Thursday, January 11

I'm all alone all the time, all the time

You know what I realized today? You're the only person I ever miss. I have friends, sure. Really good friends, who are really good people and mean a lot to me and my everyday life. It's just that, when I'm away from them (especially if I'm with you) I'm easily distracted from the fact that I'm living life without them. I could live a year with you and you alone and have no need whatsoever to see the other people in my life. I don't know if that's good, or healthy-- but it's the truth.

And it works both ways. I could be surrounded by everyone else I've ever met and I'd still miss you. I'd constantly note things in my mind that I want to tell you, things that I wish you could have seen or heard. Sometimes I even offer up to conversation, "He would have loved that." And people look at me with that pouty puppy look that says "I feel so very sorry for you and your difficulty."

But really? I wouldn't want it any other way. It makes those few minutes I get to spend with you absolutely worth it. I would trade a year of my life for ten minutes on your couch.

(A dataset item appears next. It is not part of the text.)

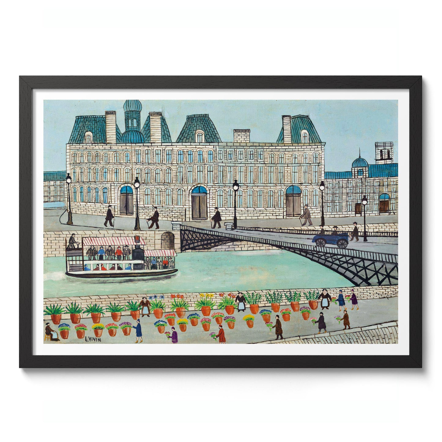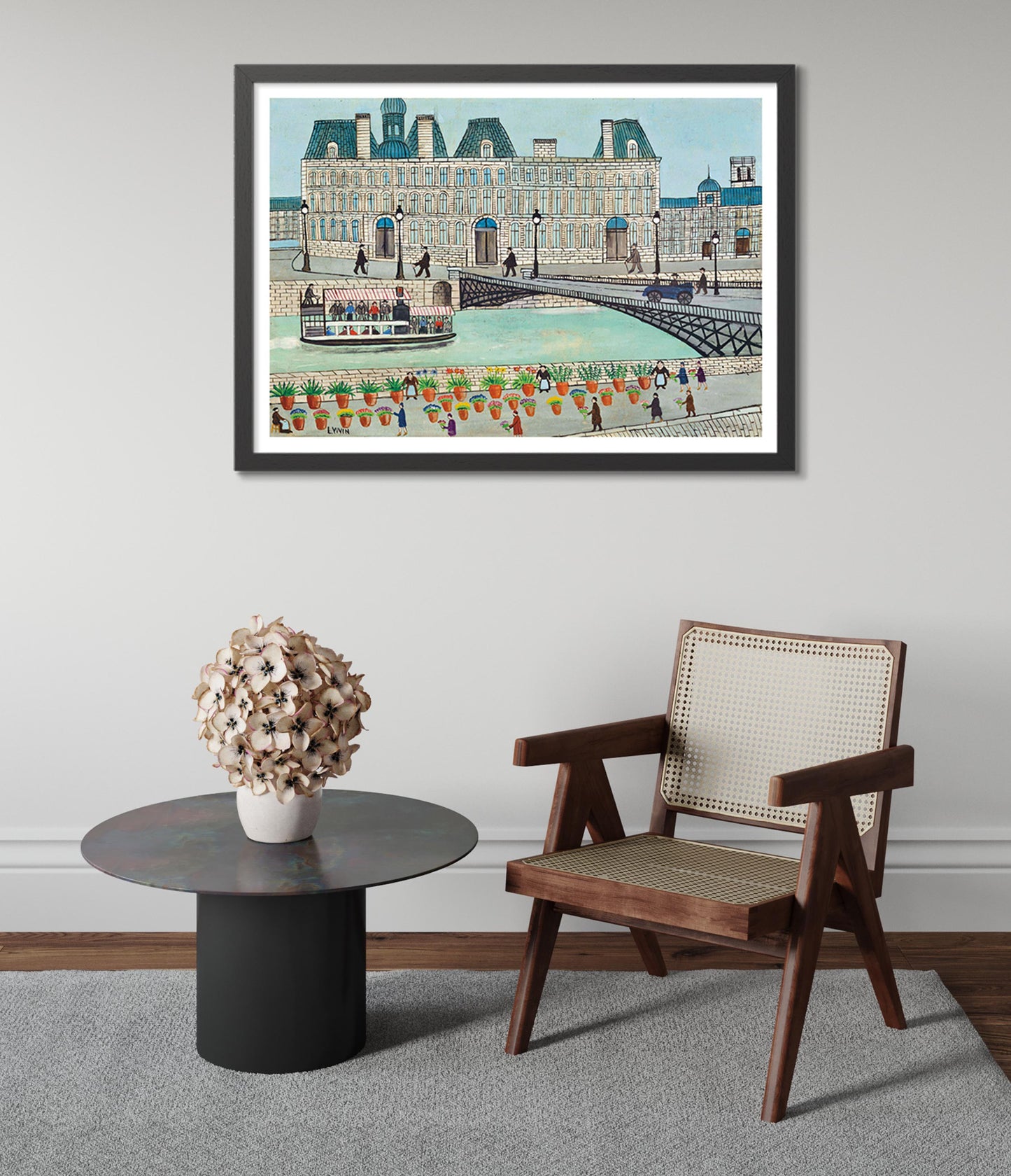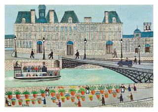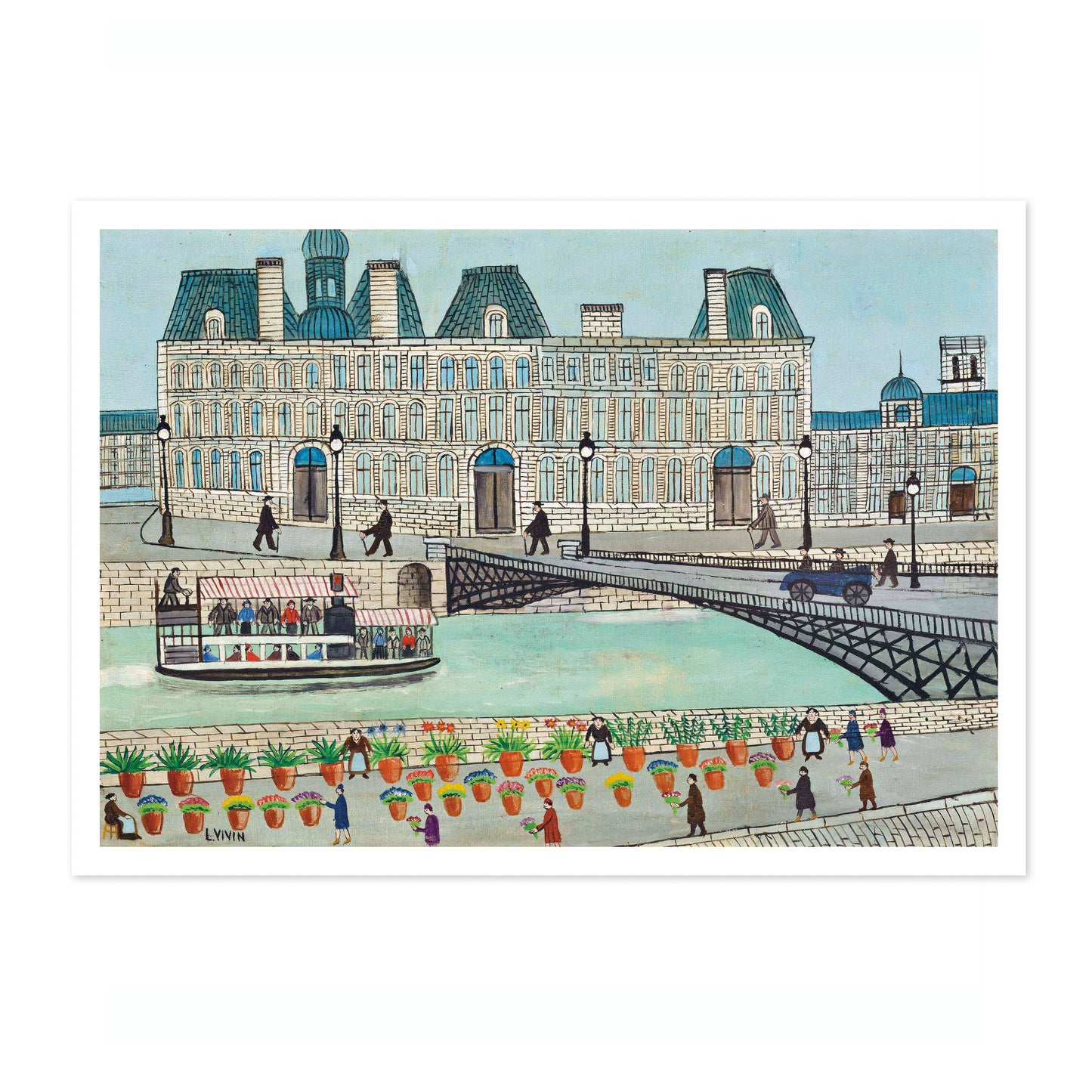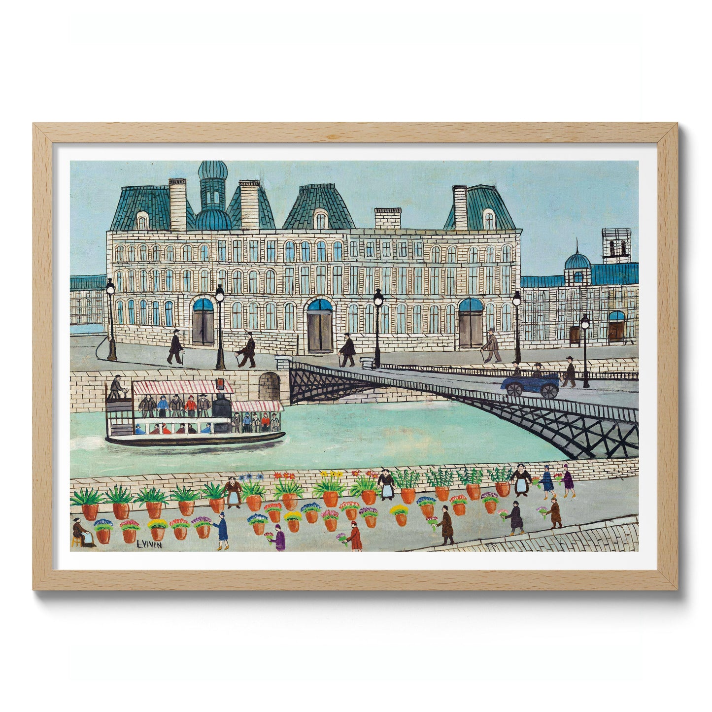 "Sacré Coeur" by Louis Vivin captures a bustling Parisian scene with detailed architecture and lively street activity. Naive and primitivist in style, this poster features a river, bridge, and boat, emphasizing urban life. The intricate details and vibrant colours bring the city's essence to life, ideal for those appreciating classic cityscapes and architectural art.

The worst part of this is that I can love every gundamn inch of your body, and it isn't enough. It's never enough. I could love everything from the disheveled hair on your head to the funny little mole to the feet you relish holding three inches from my face-- and it isn't enough. It isn't even close. I have hair and moles and feet. I have habits and mannerisms and an overall presence that isn't something you can ignore. I know that. It tears me, but I know it. I almost accept it. I don't think I'll ever be able to fully accept it. You can't just pretend something that devastating doesn't exist.